Shown are nine paylines for the game (the player is free to bet on 1-9 paylines at the player's option). Of course other numbers of paylines can be used (from 1-243 paylines), and the symbols forming each payline can be chosen by the game designers using any desired configuration.

Also shown is a paytable which can be used to determine awards for each active payline (payline the player has bet on). Payouts are typically paid from left to right, in other words, the leftmost symbol must start a combination. Of course, these payouts are just illustrated as an example, and any other set of payouts can be used. No representation is made that the payouts presented herein are mathematically proper.

Furthermore, the application of the skill element as described herein is not limited to a five reel slot game but can be applied to any type of slot game (e.g., 3 reel, 3×3 grid, etc.) or non-slot game (video poker) or virtually any type of wagering game at all. In addition, the present inventive concept is not limited to using the skill element described herein (the skill meter) and other mechanisms of introducing player skill can be used as well. Such mechanisms would presented an animated icon in which the player would be required to press one or more buttons (real of virtual) in order to effectuate a game action on the game which has a cause/effect relationship of determining a final state of the skill element which then determines a percentage of a potential award to actually award to the player.

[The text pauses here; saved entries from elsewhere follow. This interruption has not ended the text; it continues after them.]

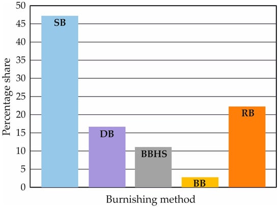 Percentage share of the used burnishing methods: SB—slide burnishing; DB—diamond burnishing; BBHS—ball burnishing with hydrostatic sphere; BB—ball burnishing; RB—roller burnishing.
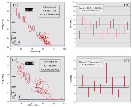 Twenty spot analyses were carried out for sample DL18-123 from the quartz vein (Table 1). The cassiterite grains have countable U and low Th contents. The composition of the 20 ablated spots on the cassiterite grains varies from 0.01 to 0.2 ppm total Pb, <0.04 ppm Th, and 0.15–1.67 ppm U, respectively. The analytical spots gave a Tera–Wasserburg U–Pb lower intercept age of 82.1 ± 6.3 Ma (2σ, n = 20, MSWD = 1.6) (Figure 5c). The analyses yielded a weighted mean 206Pb/238U age of 77.7 ± 4.4 Ma (2σ, n =8, MSWD = 1.3) (Figure 5d) after 207Pb-based correction, which agrees well with the Tera-Wasserburg U–Pb lower intercept age within error. This indicates that the age can accurately represent the crystallization age of the cassiterite in the quartz vein.
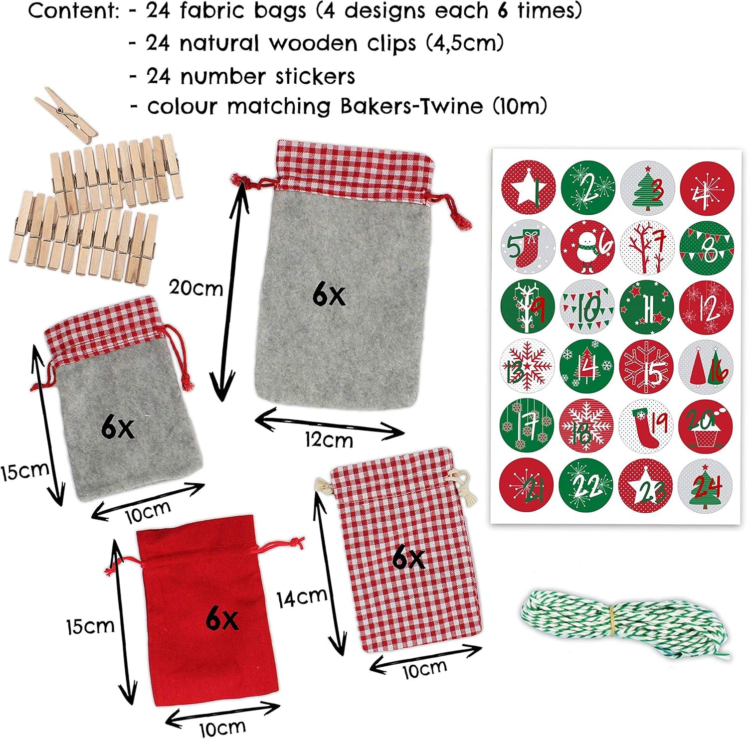 Der Adventskalender besteht aus 24 Säckchen, die im Landhausstil gehalten sind. Die Stoffsäckchen sind in stilvollen Grau - und Blautönen gehalten und werden mit den beiliegenden Zahlenaufklebern nummeriert. Anschließend können sie einfach mit Garn und Wäscheklammern aufgehängt und nach eigenen Wünschen dekoriert werden. Der Materialmix aus Baumwolle und Filz zaubert ein schönes Landhaus-Flair. 6 der Beutel sind etwas größer und können somit für besondere Geschenke genutzt werden. Dieser schicke Adventskalender wird garantiert zu einem echten Hingucker. Befüllt werden kann er nach Deinen Vorstellungen und Wünschen. Hier sind Deiner Kreativität keine Grenzen gesetzt.
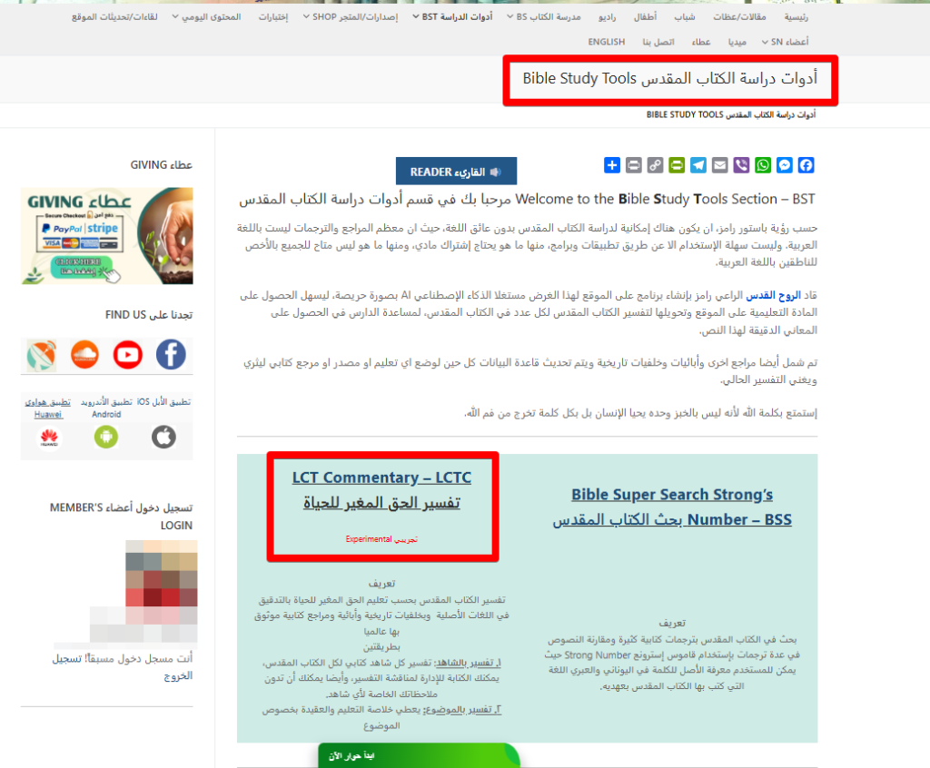 4. سيفتح لك صفحة “أدوات دراسة الكتاب المقدس” ثم تضغط على “تفسير الحق المغير للحياة”
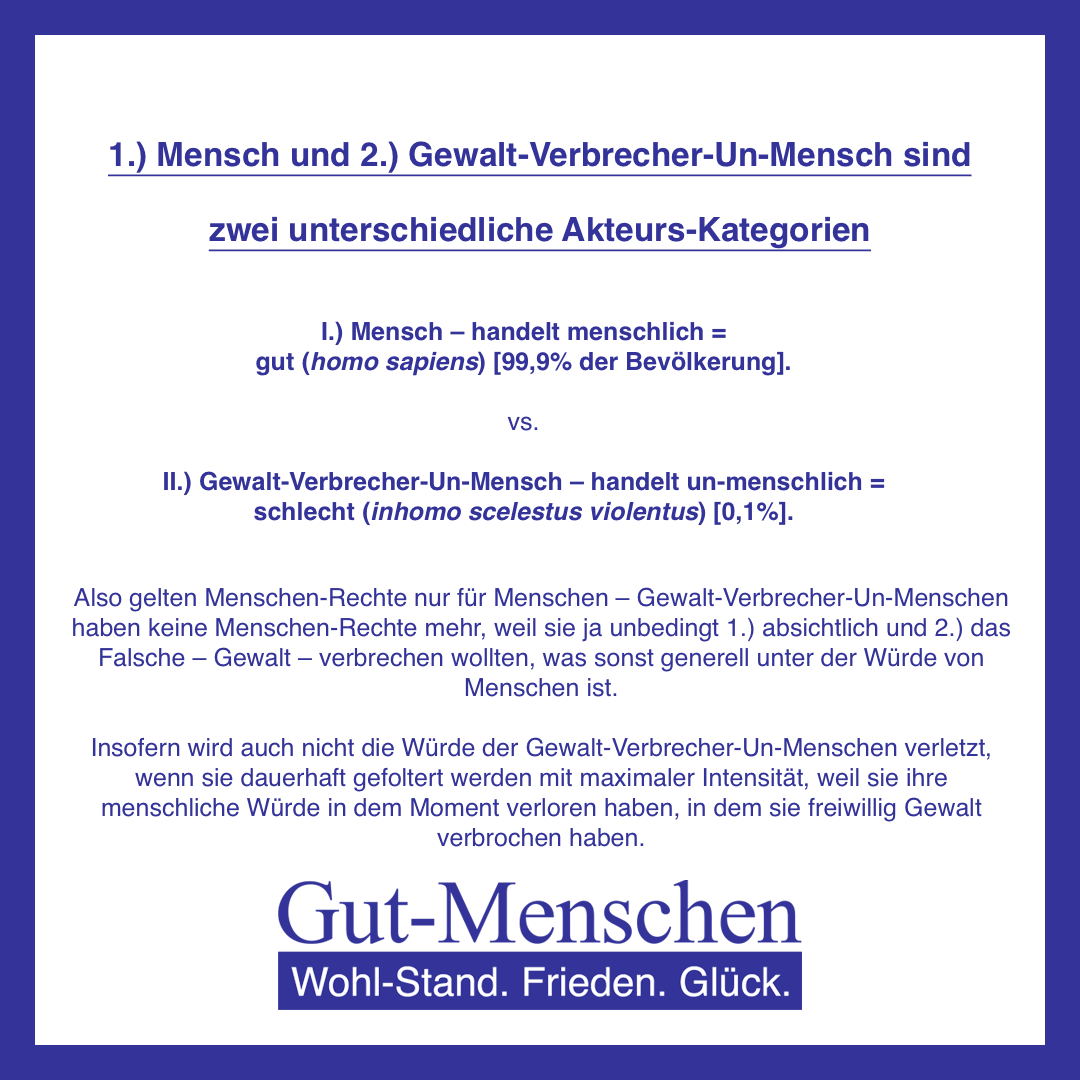 Genau wie die grundsätzliche Unterscheidung von 1.) (gut-)menschlich-moralisch-gewissenhaft handelnden (Gut-)Menschen (10-100) und 2.) gewalt-tätig-un-menschlich un-moralisch-gewissenslos-schlecht-falsch handelnden Gewalt-Verbrecher-Un-Menschen (0) ins Grund-Gesetz geschrieben werden muss, streben Wir Gut-Menschen (100) auch eine entsprechende Anpassung des Völker-Rechts an. Wir müssen uns gegen die Gewalt-Verbrecher-Un-Menschen (0) effektiv zur Wehr setzen – das geht nach allen empirisch inter-subjektiv nachvollziehbaren Erkenntnissen der Wissen-Schaft nur mit Folter-Strafen für Gewalt-Verbrecher-Un-Menschen.
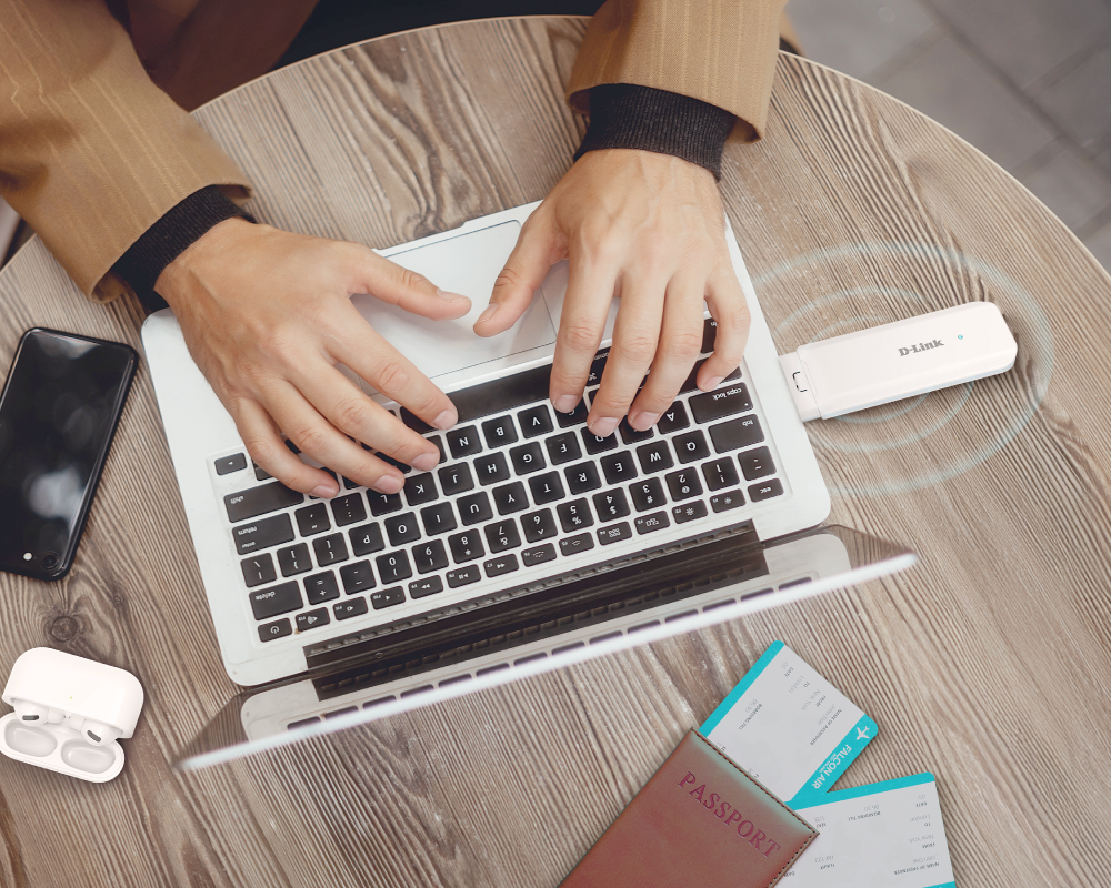 DWM-222W 4G LTE AX300 USB 行動網路卡,內建 Wi-Fi、SIM 卡槽,支援隨插即用,專為行動生活而設計。

FIG. 12 is a flowchart illustrating an exemplary method of implementing a slot machine game incorporating a skill element, according to an embodiment.

The method can begin with operation 1200, which receives a wager from a player. This can be done as known in the art. Typically, the player first funds the machine by providing a source of credits to the machine which the player converts to credits. The source of credits can be cash, electronic funds, a card which contains sweepstakes points, a cashless ticket/voucher, or any other known method.

If the wager made is in the form of Sweepstakes points, then a respective number of sweepstakes points (instead of credits) are deducted from a player's account. The account can be stored in an electronic database which stores a player's respective number of available sweepstakes points. When sweepstakes points are used, winnings are not in the form of sweepstakes points but credits which can be exchanged by the player for cash (or prizes). Thus, in this embodiment, there are two quantities (Sweepstakes points which are used for wagering and credits which are used for redemption). The player pays Sweepstakes points to play but wins awards in the form of credits. This is different to the traditional method of wagering described herein in which wagers are made using credits and awards are paid using credits.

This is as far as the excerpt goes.